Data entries
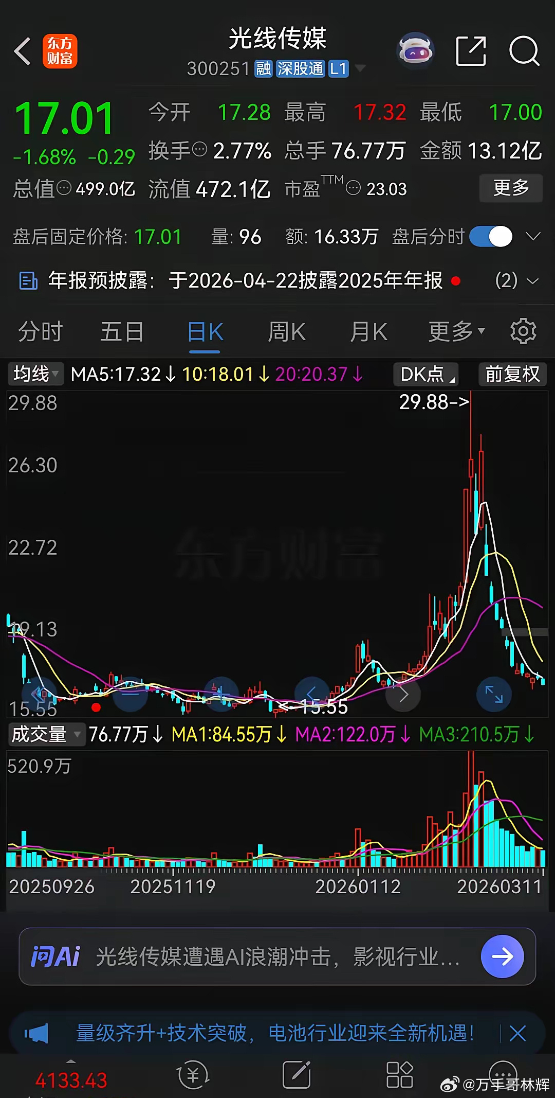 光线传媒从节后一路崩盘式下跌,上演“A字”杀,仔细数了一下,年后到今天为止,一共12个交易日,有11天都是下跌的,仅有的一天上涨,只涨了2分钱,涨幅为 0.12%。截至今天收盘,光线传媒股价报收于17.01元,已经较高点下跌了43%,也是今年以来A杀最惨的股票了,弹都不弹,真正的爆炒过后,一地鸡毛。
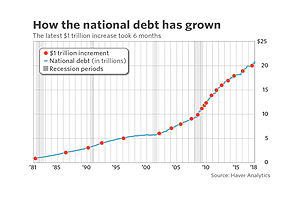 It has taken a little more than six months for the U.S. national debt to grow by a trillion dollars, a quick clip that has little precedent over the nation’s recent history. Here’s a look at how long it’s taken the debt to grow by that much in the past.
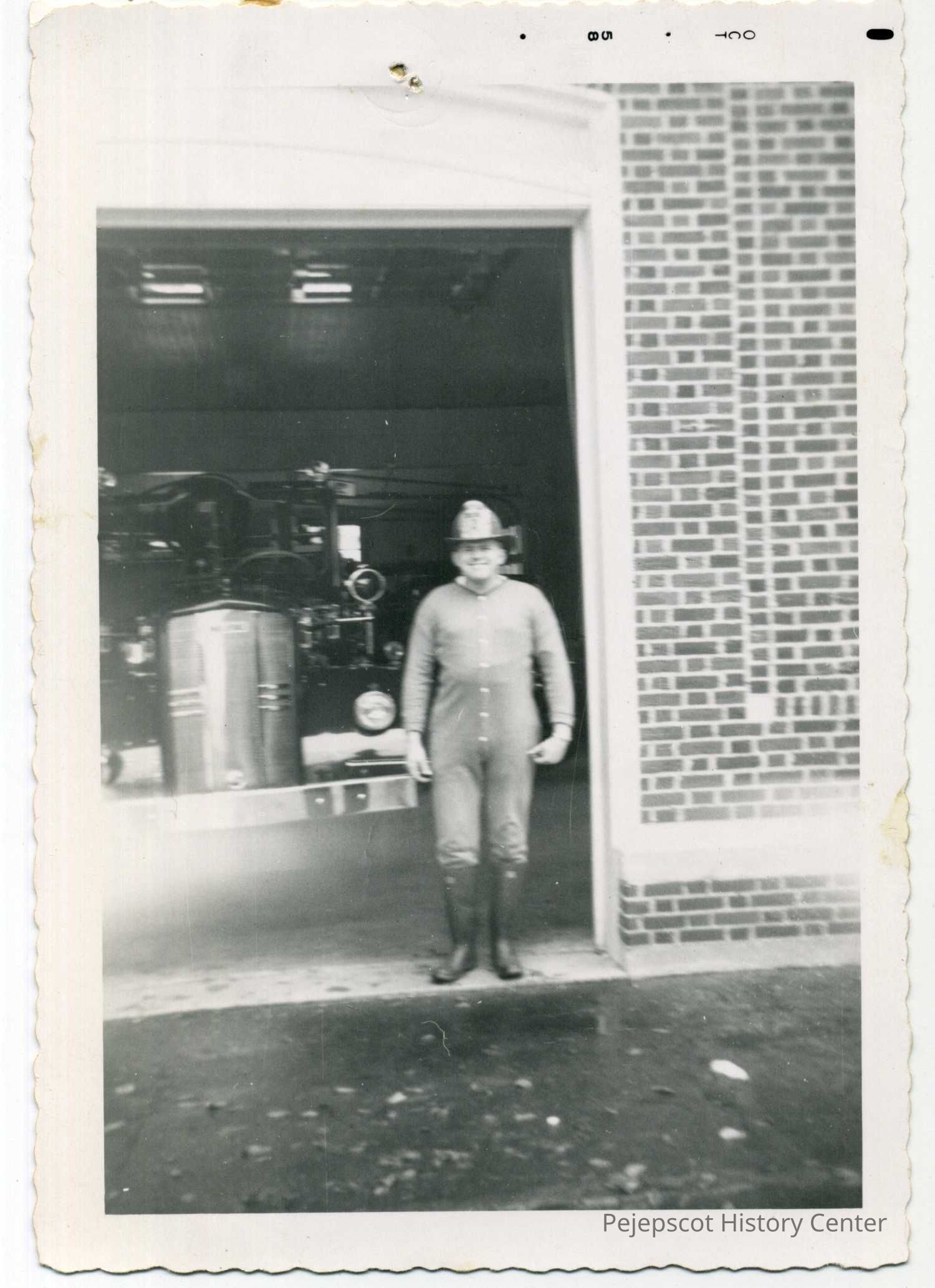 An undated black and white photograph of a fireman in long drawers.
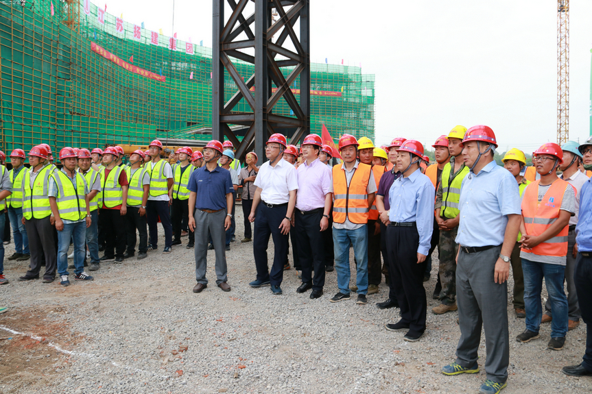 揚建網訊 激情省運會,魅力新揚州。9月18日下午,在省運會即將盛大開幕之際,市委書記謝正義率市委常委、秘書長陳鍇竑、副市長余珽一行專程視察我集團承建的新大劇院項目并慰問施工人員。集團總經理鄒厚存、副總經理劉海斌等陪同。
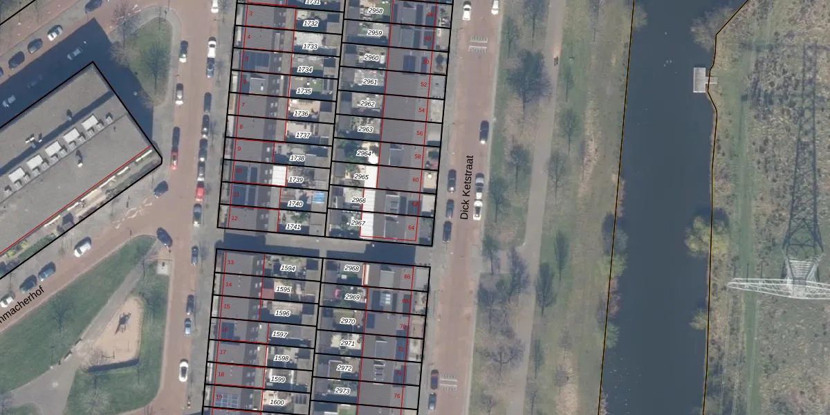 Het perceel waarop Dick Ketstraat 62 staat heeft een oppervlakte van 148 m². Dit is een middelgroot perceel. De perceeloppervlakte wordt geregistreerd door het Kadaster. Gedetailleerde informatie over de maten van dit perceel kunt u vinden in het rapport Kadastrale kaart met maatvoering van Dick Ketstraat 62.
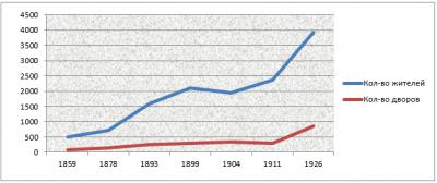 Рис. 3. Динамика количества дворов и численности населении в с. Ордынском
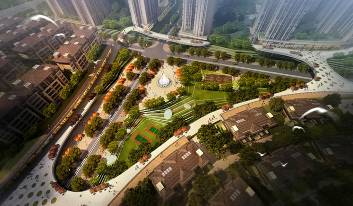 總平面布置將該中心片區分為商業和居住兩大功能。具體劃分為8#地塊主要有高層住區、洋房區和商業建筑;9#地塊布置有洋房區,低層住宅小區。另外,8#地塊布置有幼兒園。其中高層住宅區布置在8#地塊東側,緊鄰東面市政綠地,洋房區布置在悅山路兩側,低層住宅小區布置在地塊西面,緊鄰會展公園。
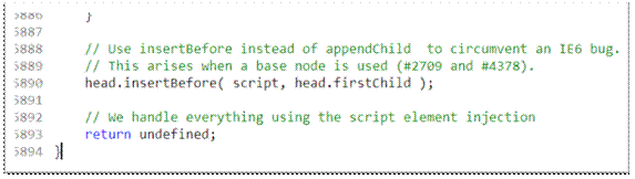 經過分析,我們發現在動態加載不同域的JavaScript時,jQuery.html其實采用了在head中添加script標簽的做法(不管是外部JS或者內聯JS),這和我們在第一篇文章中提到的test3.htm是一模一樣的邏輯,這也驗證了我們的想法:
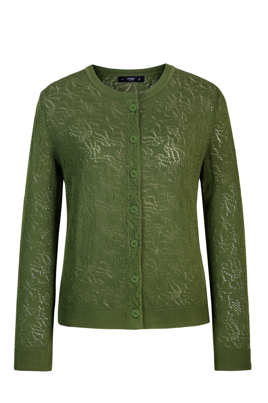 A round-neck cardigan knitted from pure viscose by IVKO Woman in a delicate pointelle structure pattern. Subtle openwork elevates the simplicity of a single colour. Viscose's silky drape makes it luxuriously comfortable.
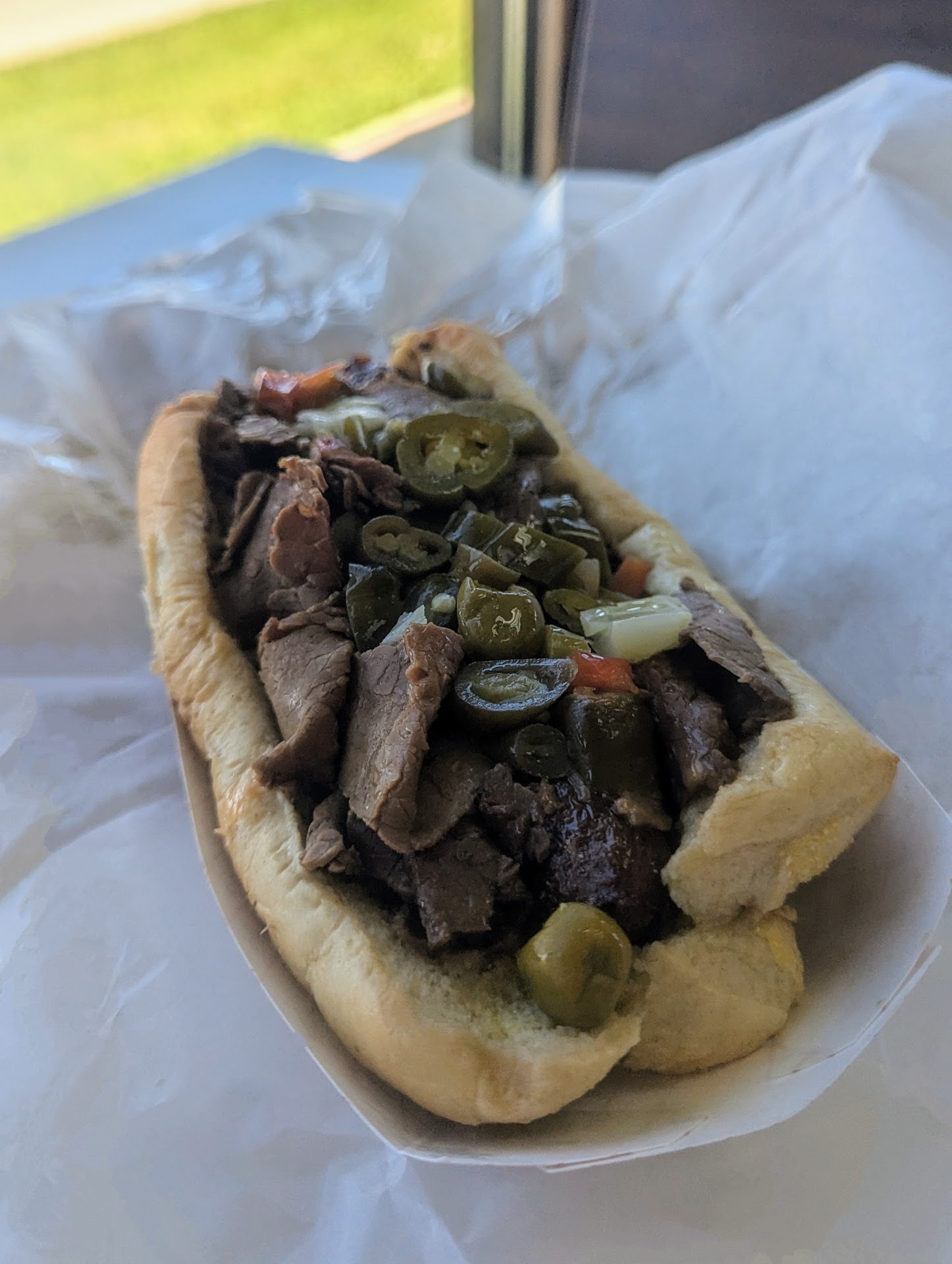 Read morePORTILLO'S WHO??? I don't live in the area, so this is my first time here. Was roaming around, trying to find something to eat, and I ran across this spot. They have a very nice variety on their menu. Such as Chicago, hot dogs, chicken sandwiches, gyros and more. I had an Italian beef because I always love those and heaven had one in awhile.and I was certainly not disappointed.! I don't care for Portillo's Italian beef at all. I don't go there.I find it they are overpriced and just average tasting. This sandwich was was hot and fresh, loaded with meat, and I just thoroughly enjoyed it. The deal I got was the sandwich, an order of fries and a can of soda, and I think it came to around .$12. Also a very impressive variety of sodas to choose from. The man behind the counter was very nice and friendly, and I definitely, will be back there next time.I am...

• _What you need to do_
Every entry above should come back exactly as written, except for its pictures.

• _Written reply_
 光线传媒从节后一路崩盘式下跌,上演“A字”杀,仔细数了一下,年后到今天为止,一共12个交易日,有11天都是下跌的,仅有的一天上涨,只涨了2分钱,涨幅为 0.12%。截至今天收盘,光线传媒股价报收于17.01元,已经较高点下跌了43%,也是今年以来A杀最惨的股票了,弹都不弹,真正的爆炒过后,一地鸡毛。
 It has taken a little more than six months for the U.S. national debt to grow by a trillion dollars, a quick clip that has little precedent over the nation’s recent history. Here’s a look at how long it’s taken the debt to grow by that much in the past.
 An undated black and white photograph of a fireman in long drawers.
 揚建網訊 激情省運會,魅力新揚州。9月18日下午,在省運會即將盛大開幕之際,市委書記謝正義率市委常委、秘書長陳鍇竑、副市長余珽一行專程視察我集團承建的新大劇院項目并慰問施工人員。集團總經理鄒厚存、副總經理劉海斌等陪同。
 Het perceel waarop Dick Ketstraat 62 staat heeft een oppervlakte van 148 m². Dit is een middelgroot perceel. De perceeloppervlakte wordt geregistreerd door het Kadaster. Gedetailleerde informatie over de maten van dit perceel kunt u vinden in het rapport Kadastrale kaart met maatvoering van Dick Ketstraat 62.
 Рис. 3. Динамика количества дворов и численности населении в с. Ордынском
 總平面布置將該中心片區分為商業和居住兩大功能。具體劃分為8#地塊主要有高層住區、洋房區和商業建筑;9#地塊布置有洋房區,低層住宅小區。另外,8#地塊布置有幼兒園。其中高層住宅區布置在8#地塊東側,緊鄰東面市政綠地,洋房區布置在悅山路兩側,低層住宅小區布置在地塊西面,緊鄰會展公園。
 經過分析,我們發現在動態加載不同域的JavaScript時,jQuery.html其實采用了在head中添加script標簽的做法(不管是外部JS或者內聯JS),這和我們在第一篇文章中提到的test3.htm是一模一樣的邏輯,這也驗證了我們的想法:
 A round-neck cardigan knitted from pure viscose by IVKO Woman in a delicate pointelle structure pattern. Subtle openwork elevates the simplicity of a single colour. Viscose's silky drape makes it luxuriously comfortable.
 Read morePORTILLO'S WHO??? I don't live in the area, so this is my first time here. Was roaming around, trying to find something to eat, and I ran across this spot. They have a very nice variety on their menu. Such as Chicago, hot dogs, chicken sandwiches, gyros and more. I had an Italian beef because I always love those and heaven had one in awhile.and I was certainly not disappointed.! I don't care for Portillo's Italian beef at all. I don't go there.I find it they are overpriced and just average tasting. This sandwich was was hot and fresh, loaded with meat, and I just thoroughly enjoyed it. The deal I got was the sandwich, an order of fries and a can of soda, and I think it came to around .$12. Also a very impressive variety of sodas to choose from. The man behind the counter was very nice and friendly, and I definitely, will be back there next time.I am...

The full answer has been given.